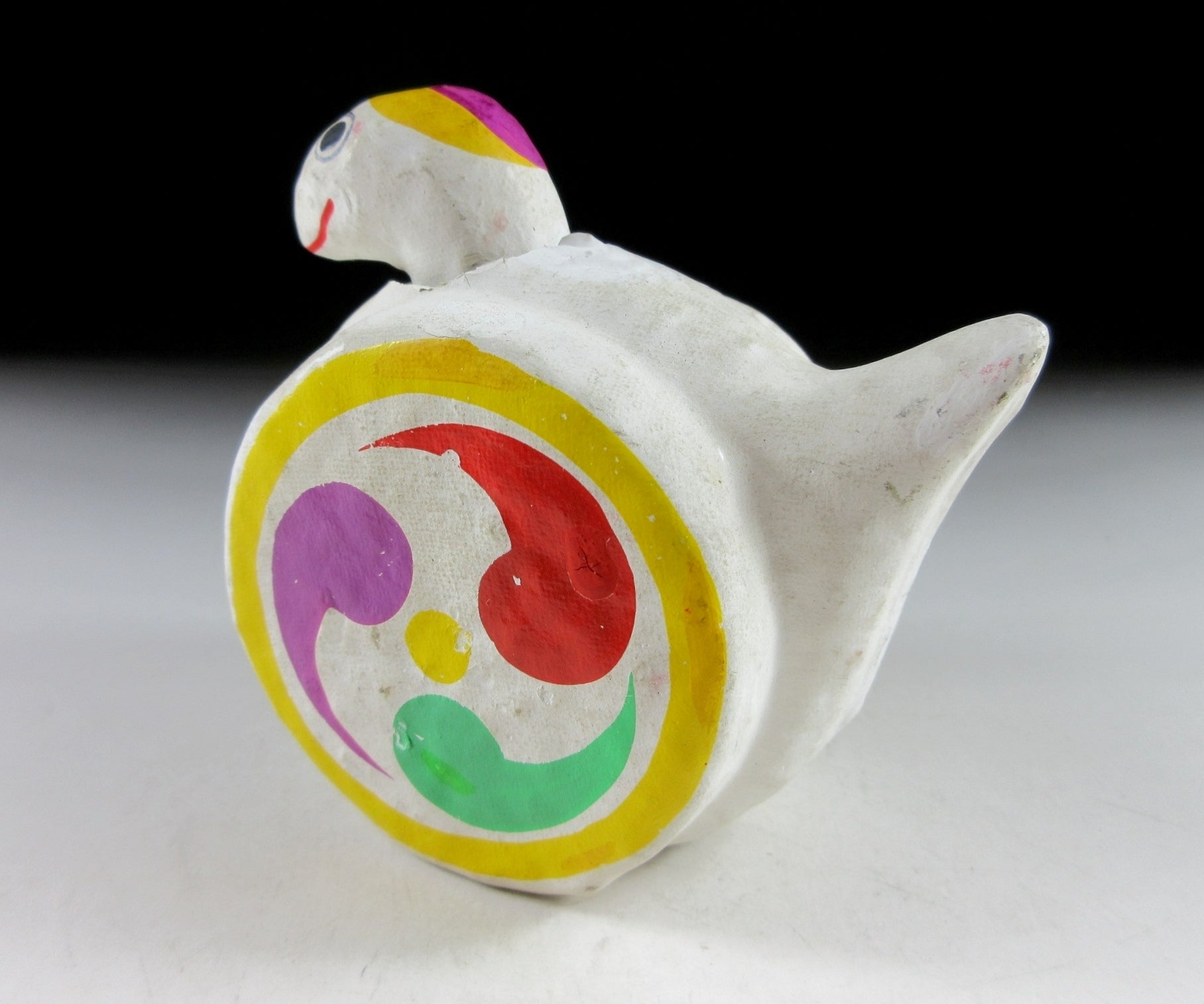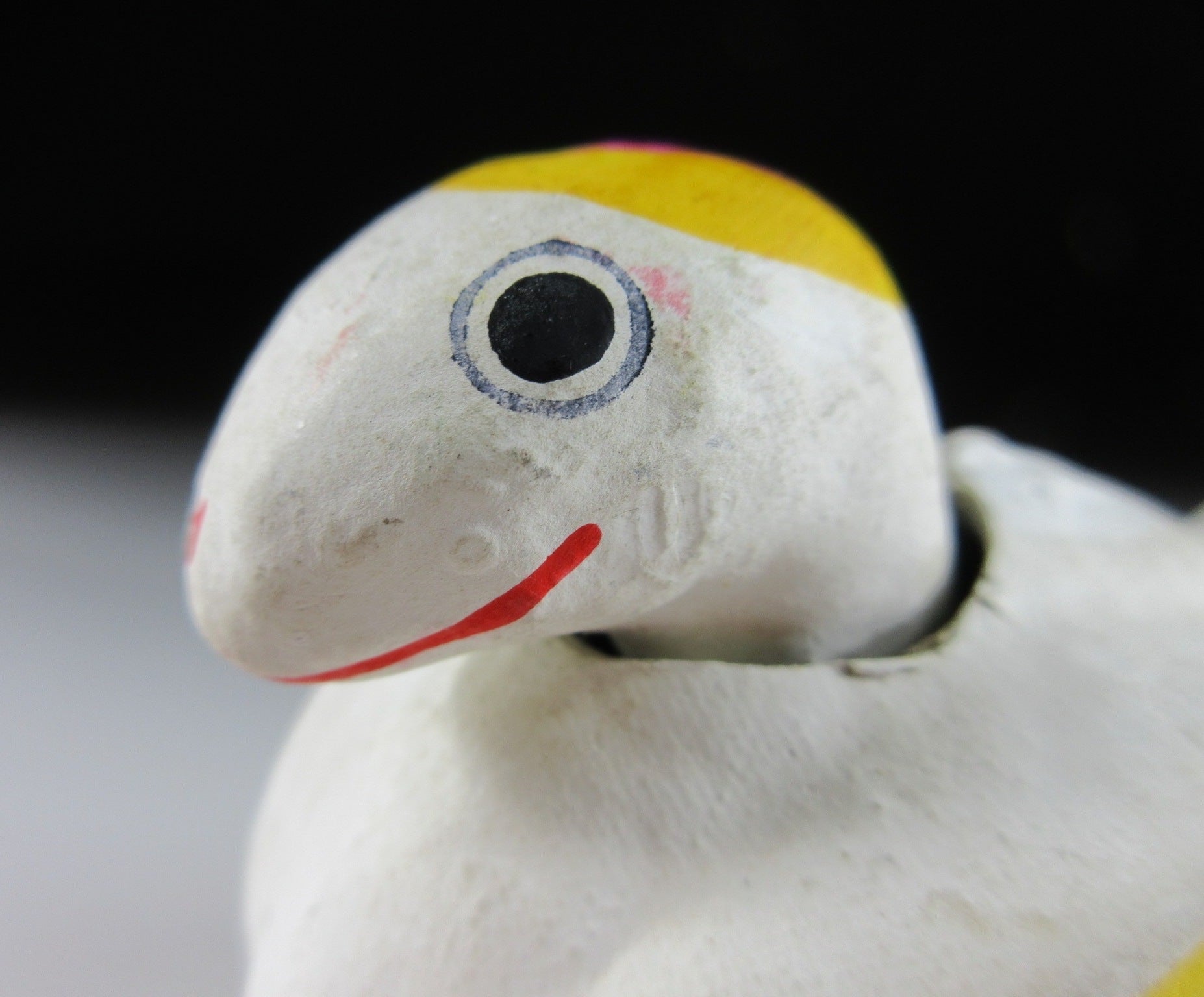 This listing is for a papier-mâché ring snake made around 40-50 years ago. Fifteen hundred years ago, during the Jin Dynasty, there was a Chinese scholar who wrote a book called ‘The Records of the Gods of War’. It tells the story of a white snake helping a man and giving him a great deal of wealth and a beautiful hoju jewel in return for his kindness. Since ancient times there have been various legends portraying snakes as wise, and it is thought that keeping one as a talisman will bring you good luck. White snakes are also said to be the manifestation of the deity Benten, and their human form is that of a beautiful woman. The ‘ring snake’ in this listing is a coiled white snake said to be the reincarnation of Benten, thus it is considered to be a lucky charm for the Year of the Snake.
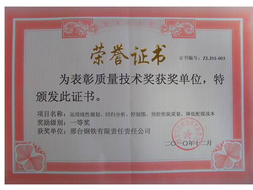 - 近日獲悉,我公司申報(bào)的“運(yùn)用線(xiàn)性規(guī)劃、回歸分析、控制圖預(yù)控焦炭質(zhì)量,降低配煤成本”質(zhì)量技術(shù)成果,經(jīng)河北省質(zhì)量技術(shù)獎(jiǎng)勵(lì)委員會(huì)評(píng)選,獲得一等獎(jiǎng)。該項(xiàng)目是焦化廠(chǎng)運(yùn)用質(zhì)量統(tǒng)計(jì)技術(shù)工具經(jīng)過(guò)實(shí)踐取得的一項(xiàng)質(zhì)量技術(shù)成果。通過(guò)實(shí)施該項(xiàng)目,配合煤成本比2008年降低了4775萬(wàn)元,保持了焦炭質(zhì)量的持續(xù)穩(wěn)定。
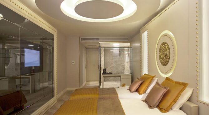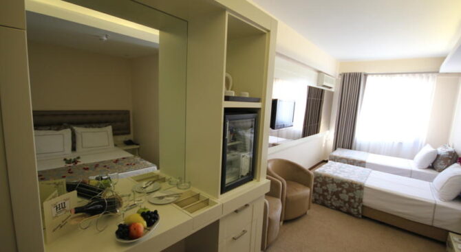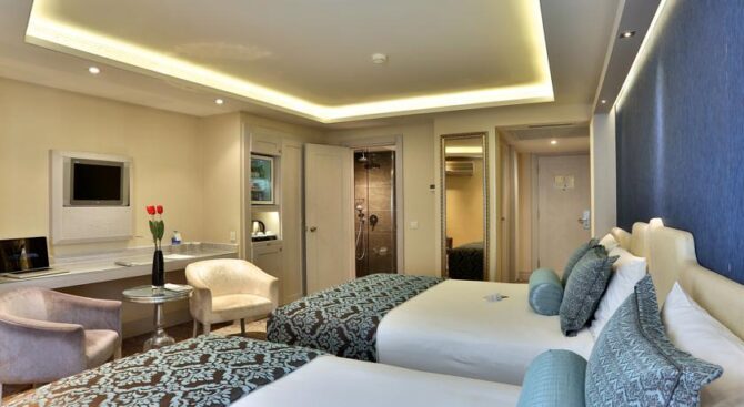 Among the advantages of this hotel is worth noting its chic decoration. In addition, you can use the “buffet” for breakfast. The menu of the restaurant is very diverse – there are dishes from international and Turkish cuisine. You will be amazed by the stylish decoration of the bar, which is decorated with paintings in the style of frescoes. In the hotel you can take advantage of round-the-clock delivery of food and drinks to the rooms – this is another advantage of the hotel.
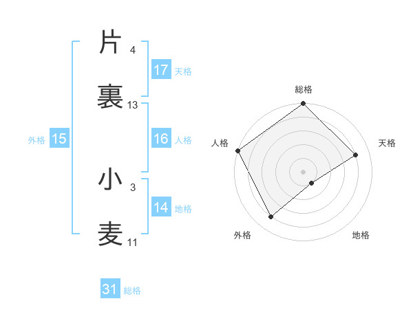 片裏 小麦さんを姓名の画数から五運を鑑定
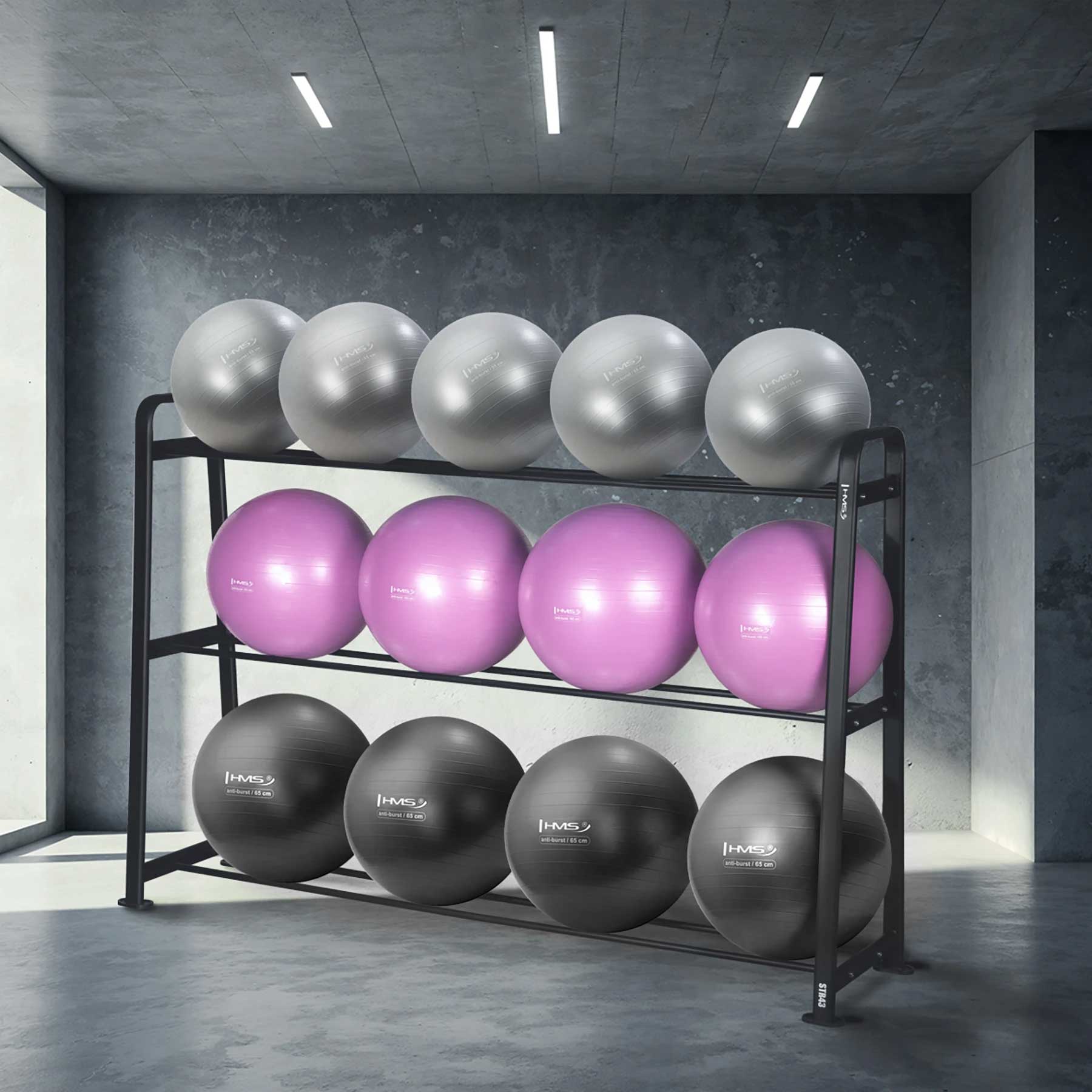 Der STR43 Trainingsballständer von HMS ist eine funktionale und großzügig dimensionierte Lösung zur übersichtlichen Aufbewahrung von Gymbällen unterschiedlicher Größen. Dank seiner dreistufigen Bauweise und der großen Gesamtlänge eignet er sich ideal für professionelle Fitnessstudios, Reha-Bereiche, Functional-Zonen und Trainingsräume mit hoher Nutzung.
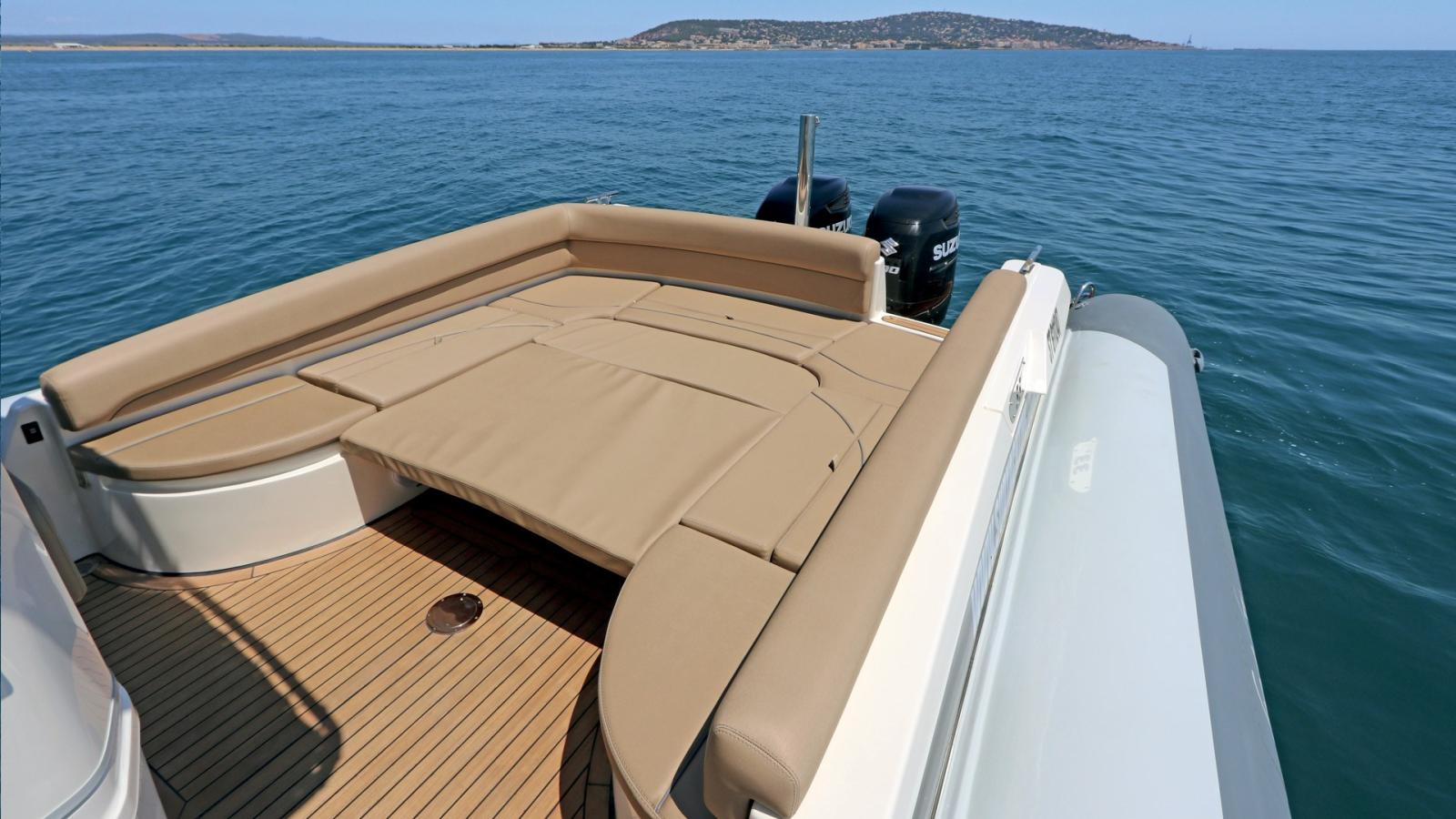 Engine Alarm, Water pressure pump, Teak Side Decks, Deck Shower, Platform (extra lunghe), Teak Cockpit, Electric Windlass, swimming ladder, cockpit table.
* * *
## What is required:
Leaving pictures out, output the lines of the data above from the one with "- 近日獲悉,我公司申報(b" through the one with "Der STR43 Trainingsballständer", word for word.

## Reply:
 - 近日獲悉,我公司申報(bào)的“運(yùn)用線(xiàn)性規(guī)劃、回歸分析、控制圖預(yù)控焦炭質(zhì)量,降低配煤成本”質(zhì)量技術(shù)成果,經(jīng)河北省質(zhì)量技術(shù)獎(jiǎng)勵(lì)委員會(huì)評(píng)選,獲得一等獎(jiǎng)。該項(xiàng)目是焦化廠(chǎng)運(yùn)用質(zhì)量統(tǒng)計(jì)技術(shù)工具經(jīng)過(guò)實(shí)踐取得的一項(xiàng)質(zhì)量技術(shù)成果。通過(guò)實(shí)施該項(xiàng)目,配合煤成本比2008年降低了4775萬(wàn)元,保持了焦炭質(zhì)量的持續(xù)穩(wěn)定。
 Among the advantages of this hotel is worth noting its chic decoration. In addition, you can use the “buffet” for breakfast. The menu of the restaurant is very diverse – there are dishes from international and Turkish cuisine. You will be amazed by the stylish decoration of the bar, which is decorated with paintings in the style of frescoes. In the hotel you can take advantage of round-the-clock delivery of food and drinks to the rooms – this is another advantage of the hotel.
 片裏 小麦さんを姓名の画数から五運を鑑定
 Der STR43 Trainingsballständer von HMS ist eine funktionale und großzügig dimensionierte Lösung zur übersichtlichen Aufbewahrung von Gymbällen unterschiedlicher Größen. Dank seiner dreistufigen Bauweise und der großen Gesamtlänge eignet er sich ideal für professionelle Fitnessstudios, Reha-Bereiche, Functional-Zonen und Trainingsräume mit hoher Nutzung.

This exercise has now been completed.